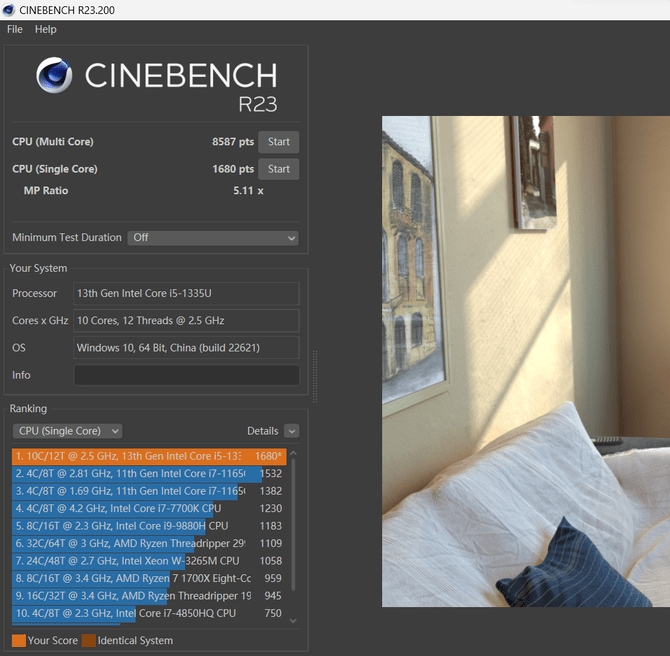 具体的性能表现,我们通过比较常用的测试软件来验证一下 从 CINEBENCH R23 的测试来看,其多核心得分为 8587pts,单核心得分为 1680pts4.60GHz 的 P-core 睿频频率,不仅能够轻松处理各种办公设备应用,也能应对一些轻度的结构设计渲染组织工作,当然,想要更加流畅的性能表现,也能选择更高配置的长平 X5 系列产品笔记型笔记本电脑。
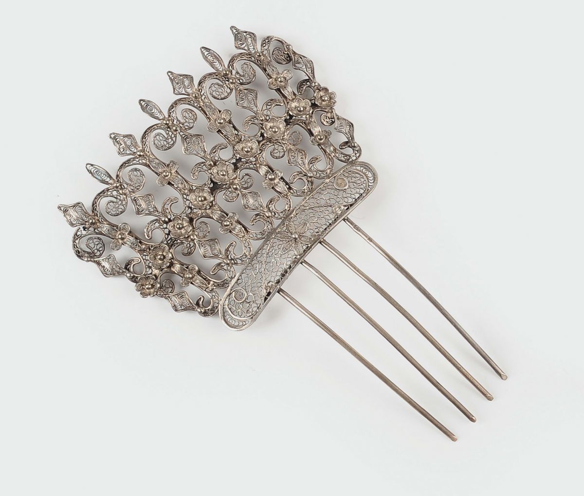Coppia di spilloni da acconciatura in filigrana d'argento, Genova XVIII-XIX secolo
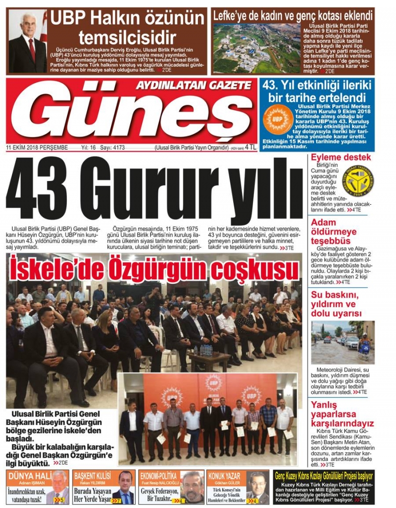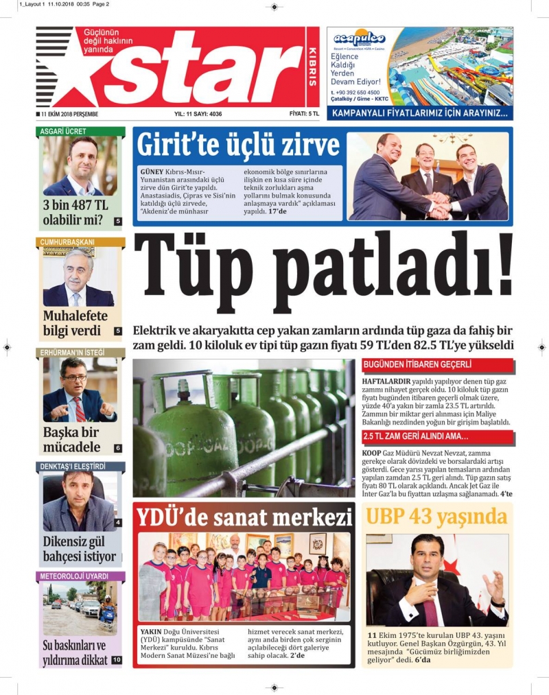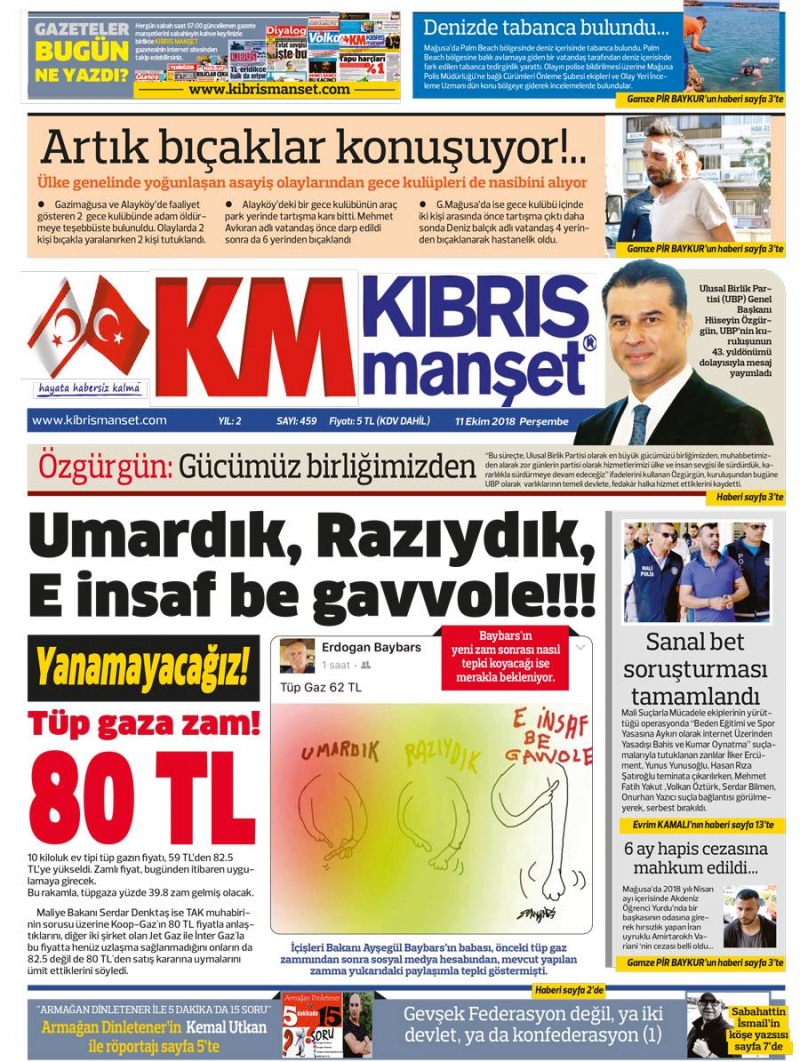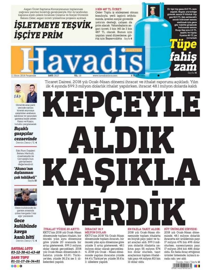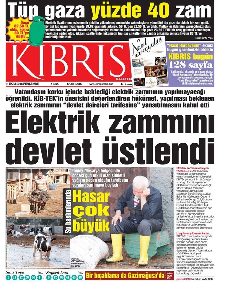 11 Ekim 2018 Perşembe Gazete Manşetleri

WORK REQUIRED -
Please copy out the material above exactly, with the images removed.

WRITTEN RESPONSE -
 具体的性能表现,我们通过比较常用的测试软件来验证一下 从 CINEBENCH R23 的测试来看,其多核心得分为 8587pts,单核心得分为 1680pts4.60GHz 的 P-core 睿频频率,不仅能够轻松处理各种办公设备应用,也能应对一些轻度的结构设计渲染组织工作,当然,想要更加流畅的性能表现,也能选择更高配置的长平 X5 系列产品笔记型笔记本电脑。
Coppia di spilloni da acconciatura in filigrana d'argento, Genova XVIII-XIX secolo
 11 Ekim 2018 Perşembe Gazete Manşetleri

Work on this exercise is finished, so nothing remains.